無論、彼は拒否したし、彼の傘下も猛反対したのだが。
彼の傘下筆頭である外院周助が有馬に言いくるめられてしまい、身内は全員口を揃えて
「行ってらっしゃいませ」
と。極めつけに、有馬に
「旅費は出してあげるから。」
といわれ彼自身本土に数回しか行ったことがなかったのでしぶしぶ承諾したのだった。
やはりそれでも彼は不機嫌極まりなかった。
脳裏に写るのはニヤけた有馬とは部下共の顔立ち。
苛立ちが再発する。
「チッ」
(…まぁいつまでもイライラしてても仕方ねぇ、アマはどこだ…?)
手には一枚の写真が握られていた。
「…探すか。」
そう意気込み、捜索を開始しようとした時。
不意に後ろから声がかかった。
「あの、その写真、十条さんの写真ですよね?どうして?」
振り返ると、そこには白髪の少女が不審そうに彼を見つめていた。見つめるというよりは睨みつける、といったほうが正しいかもしれないが、
(確か御前試合は各学校二人までだったな。この白髪女、十条姫和の……)
見たところ写真に写っている女と同じ制服だった。
(手間が省けた。)
「んん、こいつが、今どこにいるかわかるのか?」
できる限り丁寧に尋ねる。
彼にはここまでが限界だった。
しかし、白い髪の、少女は警戒心満載で、その目からは信用がまるでない。まぁ、初対面で信用しろと言うのも無理があるが、その事実に彼は気づかない。

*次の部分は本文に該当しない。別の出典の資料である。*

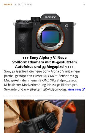 +++ Sony Alpha 7 V: Neue Vollformatkamera mit KI-gestütztem Autofokus und 33 Megapixeln +++
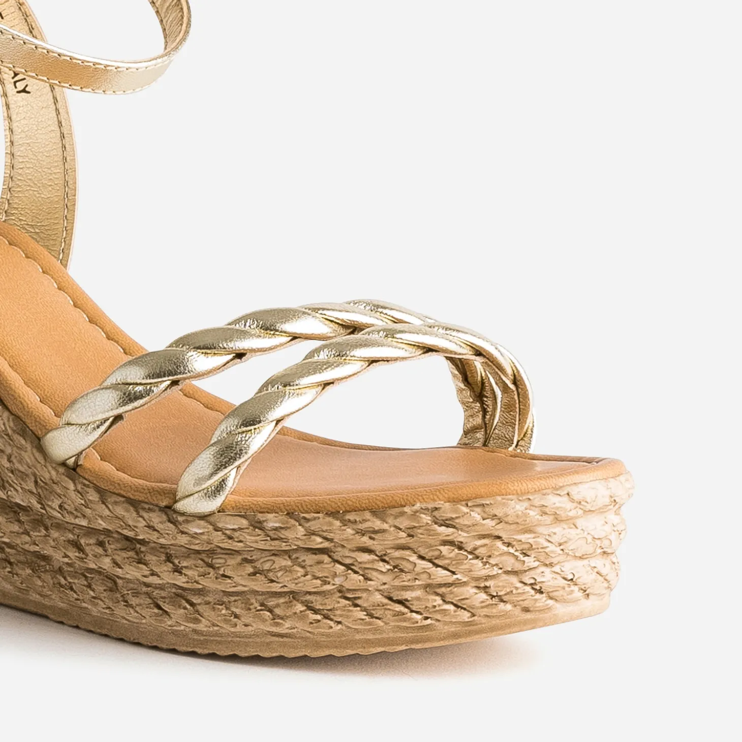 Cette sandale pour femme apporte du chic à toutes les tenues d’été. D’abord par son coloris doré, ensuite par ses brides en cuir, tressées ou lisses, et enfin par son talon compensé imitation corde. Un modèle qui s’adapte très facilement aux cérémonies comme au quotidien.

「その写真を渡してください。その写真は貴方が持っていていいものではありません。」
まるで変態でも見る目で写真を取り上げられてしまう。
「今後、貴方が…十条さんに…近づいたら警察に連絡しますからっ!!」
そう言い残すと、彼女はスタスタと何処かへ行ってしまった。
(チッ、まるで不審者扱いだな。)
「くそったれが、んん~。」
(まるで堂々巡りだな。)
その日は、結局、飽きてゲームセンターで時間を潰し、指定されたお宿で床についた。
おまけ
「十条さん、お風呂に行くなら声かけてくれたら良かったのに、」
「あれ、お知り合い?」
「…すれ違っただけです。」
「もう上がりますね。」
「ちょっとまって。十条さん。」
「?」
「今日、十条さんの写真を持った女性を見かけました。写真は没収しましたが、気をつけてください。」
ただただ十条姫和が可愛くかっこいいので書きたいと思いました。鸕宮天馬を主人公にしたのは、設定とキャラが頭の中で一致したからです。(可奈美についも触れていきたいですがまだ先になりそう。)